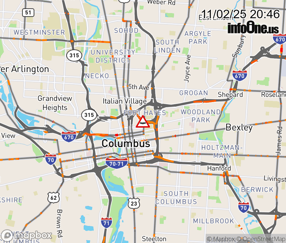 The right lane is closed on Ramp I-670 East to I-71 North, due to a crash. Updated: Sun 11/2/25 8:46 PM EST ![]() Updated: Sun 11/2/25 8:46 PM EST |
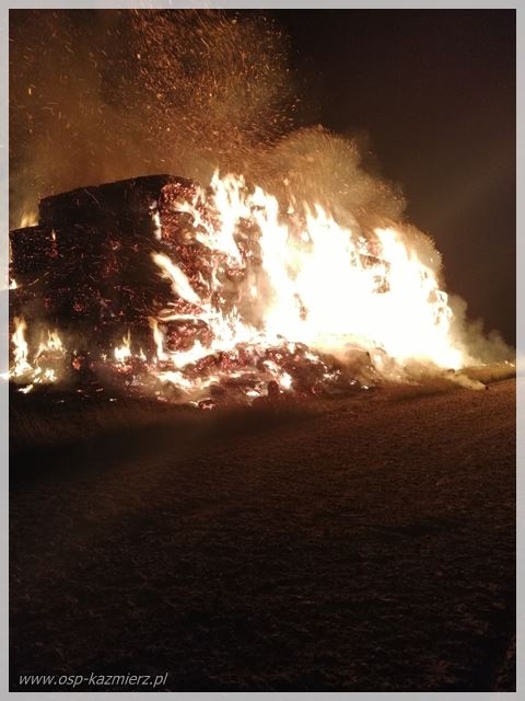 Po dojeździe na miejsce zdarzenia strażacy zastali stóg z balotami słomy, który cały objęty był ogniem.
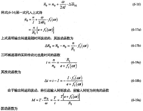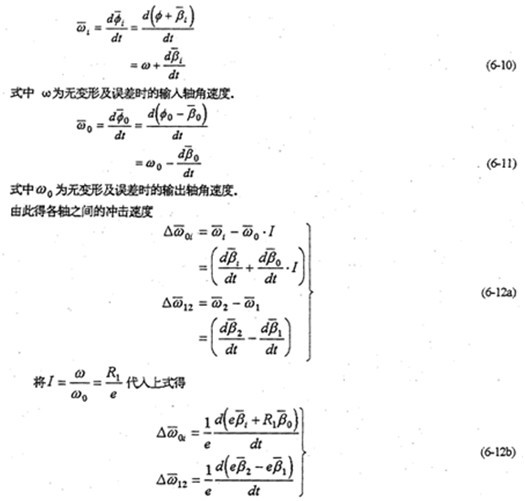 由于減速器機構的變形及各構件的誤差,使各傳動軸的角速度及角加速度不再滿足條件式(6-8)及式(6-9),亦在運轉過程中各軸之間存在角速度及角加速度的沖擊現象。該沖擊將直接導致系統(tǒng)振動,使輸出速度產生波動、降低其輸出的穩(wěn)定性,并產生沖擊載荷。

***

What the task asks:
Every line above should be retyped exactly; the pictures do not belong in the copy.

Written solution:
 The right lane is closed on Ramp I-670 East to I-71 North, due to a crash. Updated: Sun 11/2/25 8:46 PM EST ![]() Updated: Sun 11/2/25 8:46 PM EST |
 Po dojeździe na miejsce zdarzenia strażacy zastali stóg z balotami słomy, który cały objęty był ogniem.
 由于減速器機構的變形及各構件的誤差,使各傳動軸的角速度及角加速度不再滿足條件式(6-8)及式(6-9),亦在運轉過程中各軸之間存在角速度及角加速度的沖擊現象。該沖擊將直接導致系統(tǒng)振動,使輸出速度產生波動、降低其輸出的穩(wěn)定性,并產生沖擊載荷。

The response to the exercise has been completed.